Se negó a aceptar los elogios, no era más que un ensayo y aún estaba lejos de lo que se proponía. Pero a la visita

siguiente -también de noche, ya en la sombra de la despedida junto al piano- le permitió probar otro ensayo.

Había que cerrar los ojos para adivinar el sabor, y Mario obediente cerró los ojos y adivinó un sabor a

mandarina, levísimo, viniendo desde lo más hondo del chocolate. Sus dientes desmenuzaban trocitos crocantes,

no alcanzó a sentir su sabor y era sólo la sensación agradable de encontrar un apoyo entre esa pulpa dulce y

esquiva.

Delia estaba contenta del resultado, dijo a Mario que su descripción del sabor se acercaba a lo que había

esperado. Todavía faltaban ensayos, había cosas sutiles por equilibrar. Los Mañara le dijeron a Mario que Delia

no había vuelto a sentarse al piano, que se pasaba las horas preparando los licores, los bombones. No lo decían

con reproche, pero tampoco estaban contentos; Mario adivinó que los gastos de Delia los afligían. Entonces

pidió a Delia en secreto una lista de las esencias y sustancias necesarias. Ella hizo algo que nunca antes, le pasó

los brazos por el cuello y lo besó en la mejilla. Su boca olía despacito a menta. Mario cerró los ojos llevado por

la necesidad de sentir el perfume y el sabor desde debajo de los párpados. Y el beso volvió, más duro y

quejándose.

No supo si le había devuelto el beso, tal vez se quedó quieto y pasivo, catador de Delia en la penumbra de la

sala. Ella tocó el piano, como casi nunca ahora, y le pidió que volviera al otro día. Nunca habían hablado con

esa voz, nunca se habían callado así. Los Mañara sospecharon algo, porque vinieron agitando los periódicos y

con noticias de un aviador perdido en el Atlántico. Eran días en que muchos aviadores se quedaban a mitad del

Atlántico. Alguien encendió la luz y Delia se apartó enojada del piano, a Mario le pareció un instante que su

gesto ante la luz tenía algo de la fuga enceguecida del ciempiés, una loca carrera por las paredes. Abría y

cerraba las manos, en el vano de la puerta, y después volvió como avergonzada, mirando de reojo a los Mañara;

los miraba de reojo y se sonreía.

Sin sorpresa, casi como una confirmación, midió Mario esa noche la fragilidad de la paz de Delia, el peso

persistente de la doble muerte. Rolo, vaya y pase; Héctor era ya el desborde, el trizado que desnuda un espejo.

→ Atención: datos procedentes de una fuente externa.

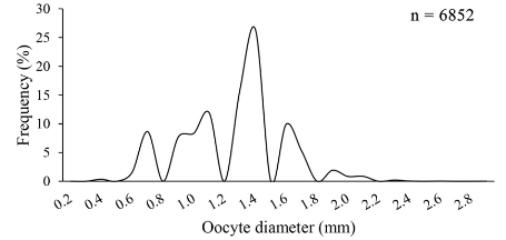 The relative frequency distribution per diameter class of oocytes from T. galeatus ovaries (Figure 8) shows that the diameter of the oocytes varied from 0.4 to 2.9 mm (n = 6852 oocytes; average diameter = 1.3 mm; standard deviation = 0.3) and confirms the hypothesis that this species has synchronous oocyte development, with determinate fecundity and batch spawning over its reproductive period.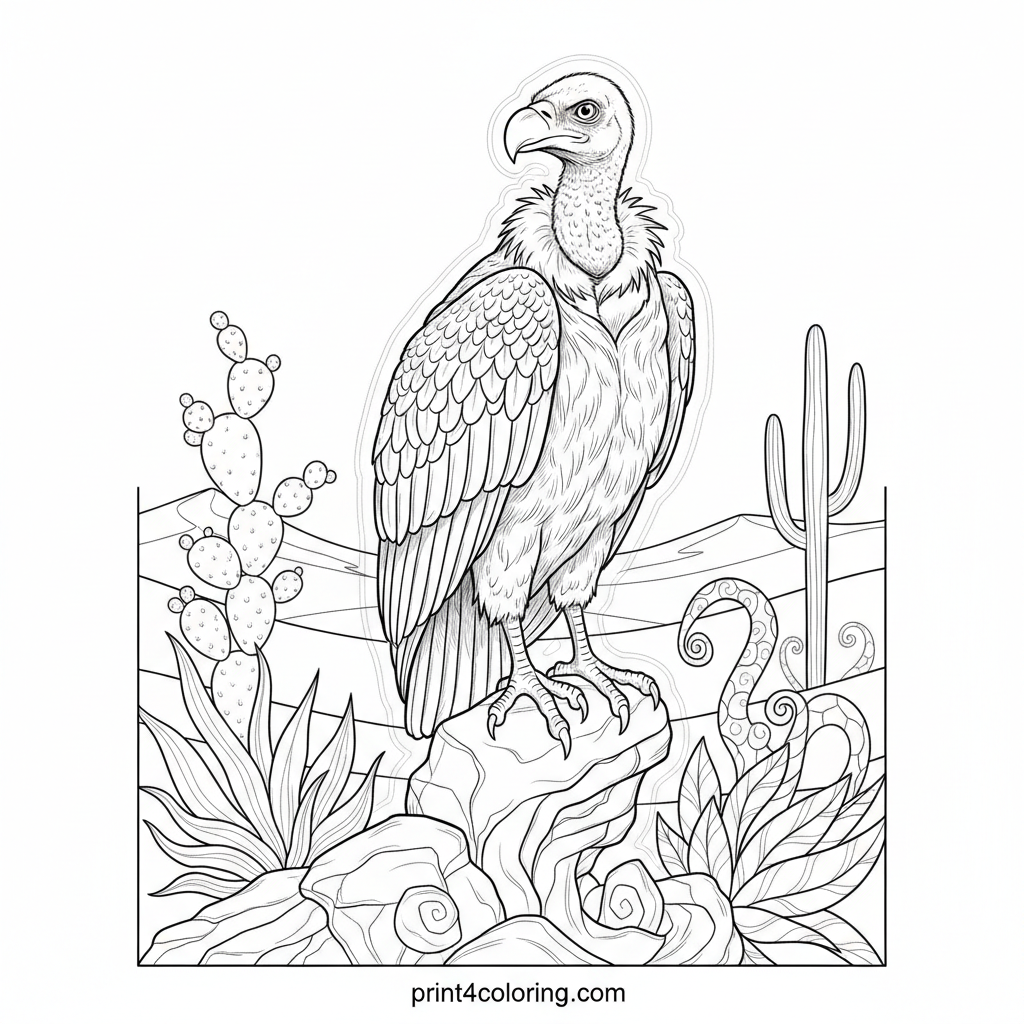 #vulture#guardian#desert#fantasy#mythical#birds#nature#ancient-rock#whispering-peaks#intricate#detailed#coloring-page#printable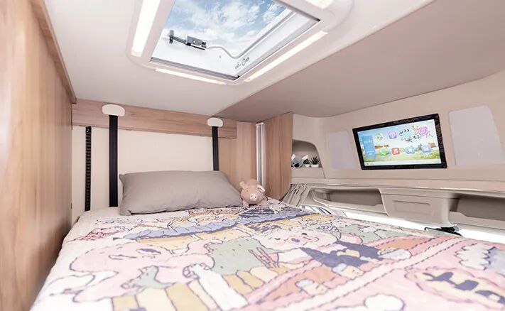 客厅顶部设有电动升降床,一键式升降操作,睡眠空间充足;此外,生活家V100小额头的生活区还设有新风换气系统、客厅MAX电动换气扇,进一步加强旅居生活的舒适度。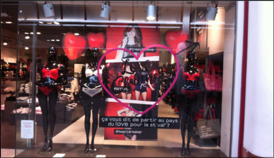 Ici, un exemple de mise en valeur de vitrine pour la Saint-Valentin.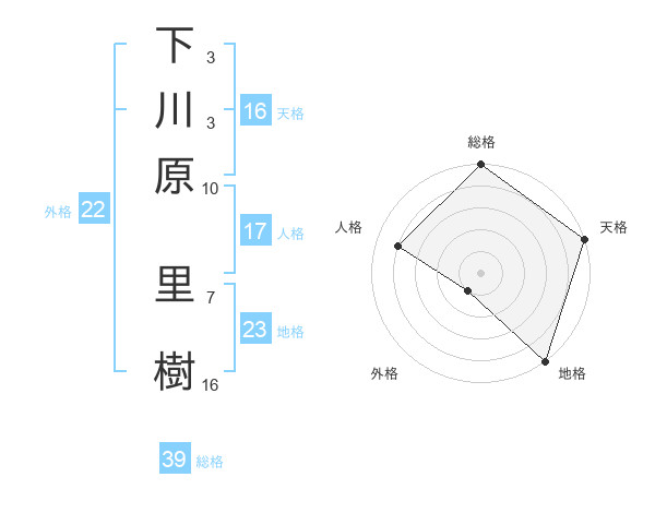 下川原 里樹さんを姓名の画数から五運を鑑定

De Delia quedaban las manías delicadas, la manipulación de esencias y animales, su contacto con cosas simples

y oscuras, la cercanía de las mariposas y los gatos, el aura de su respiración a medias en la muerte. Se prometió

una caridad sin límites, una cura de años en habitaciones claras y parques alejados del recuerdo; tal vez sin

casarse con Delia, simplemente prolongando este amor tranquilo hasta que ella no viese más una tercera muerte

andando a su lado, otro novio, el que sigue para morir.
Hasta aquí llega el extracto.